Machine Learning
Module outline
Using a combination of lectures and lab work, the module covers bio-inspired machine learning paradigms giving students knowledge of advanced features of various methods at the theoretical and practical levels.
Aims
The module covers computational algorithms for learning from data, data-driven decision making and complex problem solving. It provides an introduction to machine learning methods, such as neural networks, fuzzy logic, fuzzy clustering, bio-inspired computing, and covers basic concepts of feature selection and generalisation.
Learning Outcomes
- Discuss fundamental aspects of machine learning methods.
- Discus fundamental issues relating to the design and implementation of systems that employ machine learning
- Apply theoretical understanding of machine learning paradigms to solve data modelling, classification and decision making problems, justify the approach adopted and critically evaluate its effectiveness.
- Recognise social, ethical & professional issues and risk involved in the application and use of machine learning methods.
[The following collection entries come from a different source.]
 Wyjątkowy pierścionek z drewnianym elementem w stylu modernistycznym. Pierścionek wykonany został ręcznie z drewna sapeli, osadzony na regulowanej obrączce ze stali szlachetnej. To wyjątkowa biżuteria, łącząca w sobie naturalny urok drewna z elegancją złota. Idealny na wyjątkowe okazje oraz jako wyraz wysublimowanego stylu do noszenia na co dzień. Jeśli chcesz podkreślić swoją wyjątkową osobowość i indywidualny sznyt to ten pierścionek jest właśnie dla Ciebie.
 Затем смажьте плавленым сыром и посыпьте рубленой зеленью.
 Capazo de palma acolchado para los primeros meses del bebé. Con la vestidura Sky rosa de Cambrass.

- Demonstrate an advanced level of knowledge of machine learning methods and of the processes involved in their deployment.
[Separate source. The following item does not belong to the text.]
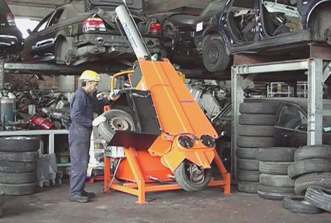 Echipament automat pentru separarea anvelopei de jantă cu un număr de 120 de cicluri de lucru. Diametrul minim și maxim al anvelopelor de tratat este de 12”-22”. Această mașină este concepută pentru a separa anvelopa de jantă într-un mod ușor și sigur. Presa de roți reduce volumul fierului și îl presează gata pentru cuptoare. Presa de roți poate procesa de la 80 la 140 de roți pe oră.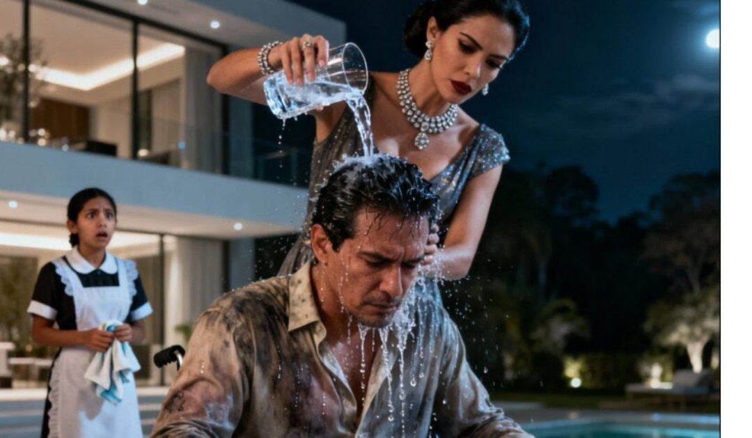 Вместо того чтобы найти утешение, ребёнок остановился на месте — в шоке. Отец замер, а жена, будто ничего не замечая, продолжала с диким, натянутым смехом поливать холодной водой старика.

- Make a critical analysis of problem requirements relating to the application of machine learning.
- Demonstrate a comprehensive understanding of the principles and practices of machine learning.
Syllabus
-
Learning from data
-
Feature selection and generalisation
-
Supervised and unsupervised learning methods, and clustering as an unsupervised learning problem
-
Fuzzy logic and fuzzy clustering
-
Deep networks:architectures and learning algorithms
-
Natural computing: genetic algorithms, evolutionary algorithms, evolution strategies, swarm intelligence
-
Advanced learning and evolution schemes: ensembles, boosting, hybrid algorithms, neuro-evolution
Prerequisites
No specific module is pre- or co- requisite but knowledge of calculus and linear algebra is essential as the module uses mathematical concepts, such as vector, matrices and their operations, functions and graphs, gradient, derivative. The module also uses trigonometry concepts, statistical concepts and the notion of probability, data structures, first-order and second-order optimisation methods and general algorithmic concepts.
Timetables
Indicative timetables can be found in the handbooks available on programme pages. Personalised teaching timetables for students are available via My Birkbeck.
Coursework
In the coursework students are asked to use any programming language/tool they wish (MATLAB and Python are used in the labs) to solve a practical real world problem.
Assessment
A two-hour written examination (80%)
Mini-project (20%)
Recommended reading
- S. Marsland, Machine Learning: an Algorithmic Perspective, CRC Press.
- M. Negnevitsky, Artificial Intelligence: a Guide to Intelligent Systems, Addison Wesley.
- E. Alpaydin, Introduction to Machine Learning, MIT Press.
-
R. Rojas, Neural Networks-A Systematic Introduction. Available online at: http://page.mi.fu-berlin.de/rojas/neural/
-
S. Theodoridis, K. Koutroumbas, Pattern Recognition, Academic Press.
-
S. Boyd, L. Vandenberghe, Convex Optimization, Cambridge University Press. Available online at: https://web.stanford.edu/~boyd/cvxbook/
-
R. Battiti, First- and Second-Order Methods for Learning: Between Steepest Descent and Newton's Method, Neural Computation 4(2). Available online at: https://www.researchgate.net/publication/2498372_First-_and_Second-Order_Methods_for_Learning_Between_Steepest_Descent_and_Newton's_Method
-
L. Bottou, F.E. Curtis, J. Nocedal, Optimization Methods for Large-Scale Machine Learning. Available online at: https://arxiv.org/pdf/1606.04838.pdf
-
Students will be pointed to papers available online and other Web resources on the subject.